— Возьми, здесь больше, чем мы договаривались. Ты мне понравилась.
— Может, мне подождать, пока за тобой не приедут? — Она благодарно улыбнулась.
— Не надо. Хотя постой. Хочешь заработать еще? Мне иногда нужны связные.
— Да. Меня можно найти на биостанции в Черном Колодце. Я работаю там экологом пустыни.
— Недурно.
Турбина мотоцикла взвыла, негритянка махнула рукой на прощание и унеслась прочь. Ковбой смотрел ей вслед, пока мотоцикл не превратился в точку, потом закрыл глаза. Послышался шум приближающегося автомобиля.
— Ковбой, — раздался рядом голос Сары. — Держись за меня.
Он открыл глаза, слабо улыбнулся и спросил:
— Долгий сегодня выдался денек, да?
Сара подвела его к машине:
— А теперь осторожно садись.
— Морис погиб, — сказал Ковбой. — Он протаранил шаттл. Я сам хотел пойти на таран, но Морис меня опередил. Мир праху его.
— Осторожнее, Ковбой, обопрись на меня. Так, теперь другую ногу.
— Я давно играю со смертью, но только сегодня побывал в ее объятиях.
— Положи голову мне на плечо, попробуй уснуть. — Сара, как ребенка, погладила Ковбоя по волосам.

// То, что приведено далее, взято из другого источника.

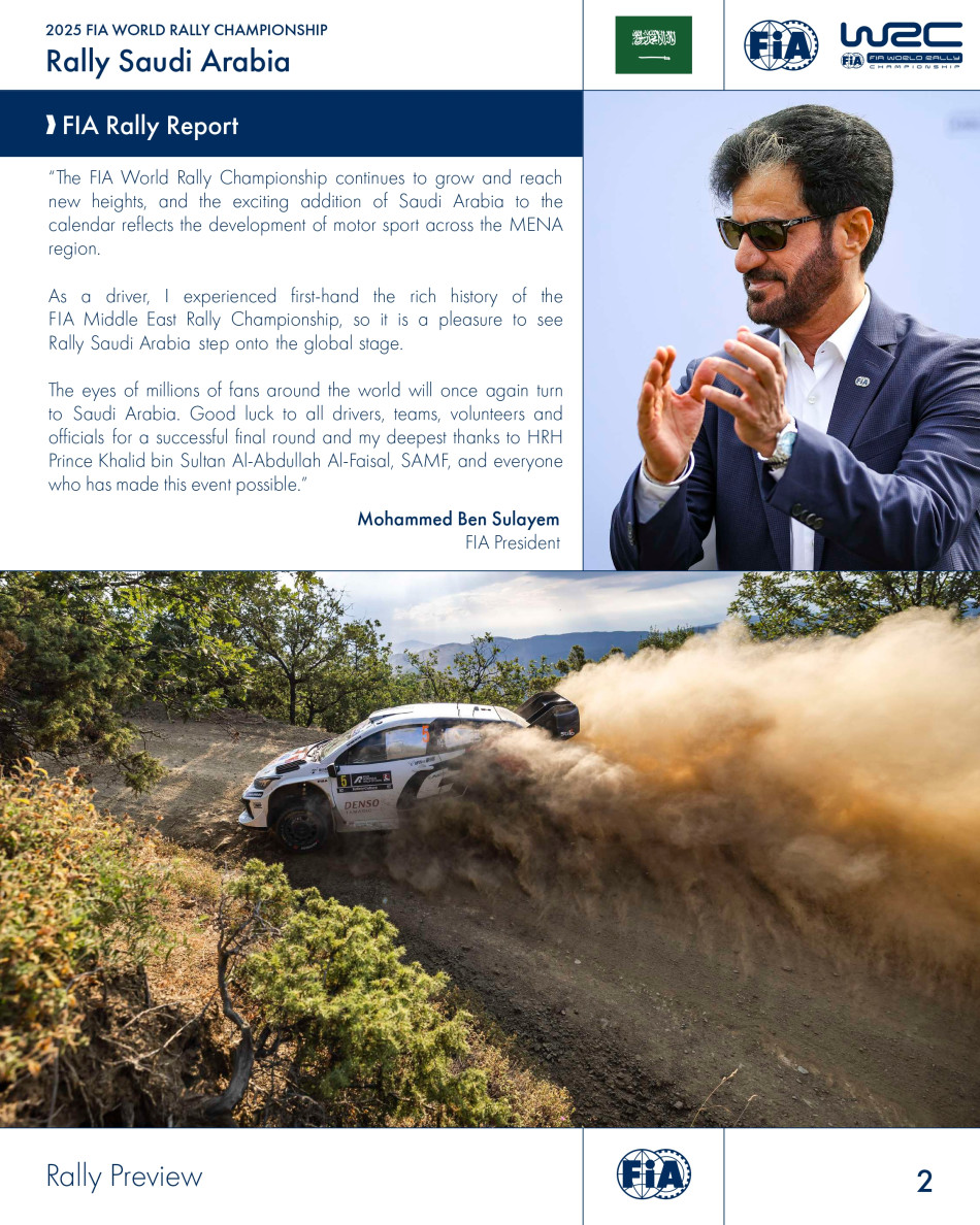 After 13 events in all corners of the globe, the 2025 FIA World Rally Championship concludes at Rally Saudi Arabia (November26-29) with the Drivers and Co-Drivers’ titles still to be decided.

— Глупо стать легендой при жизни, — пробормотал он и тут же заснул, чувствуя рядом тепло ее тела.
24
— Ты уверен, что сможешь сделать это?
— Я собрал достаточно данных о «Темпеле», научился проникать в их компьютеры. Трудностей возникнуть не должно.
— Ну что ж, — сказал Ковбой. — Я давненько мечтал о помощи могущественного друга.
В старом домике была всего одна комната. Дешевый плиточный пол. Деревянная мебель не разваливалась только потому, что ее стягивала проволока.
Ковбой лежал на продавленной кровати под ветхим одеялом, мурлыкал «Песнь о небе» и смотрел новости. Диктор рассказало временных трудностях, поразивших фирму «Темпель», и в заключение сообщил, что кризис миновал. Акции медленно поползли вверх. Орбитальный совет выразил полное доверие Руну. Обновленный совет директоров сослал Куцейро в Африку на мелкую должность. Ковбой усмехнулся. Теперь бедняге придется ступить наконец на грешную Землю, на «эту планету», которую он до сих пор видел только из иллюминатора своего орбитального дворца и считал досадной помехой в безупречном космическом пейзаже. Отлично. Африканская пустыня — лучшее место для такого ублюдка. Правой рукой — левая была закована в гипс — Ковбой взял со столика стакан виски. В комнату вошла Сара, и в открытую дверь ворвалось горячее дыхание пустыни. Мелькнули небесная синь и желтое однообразие песка.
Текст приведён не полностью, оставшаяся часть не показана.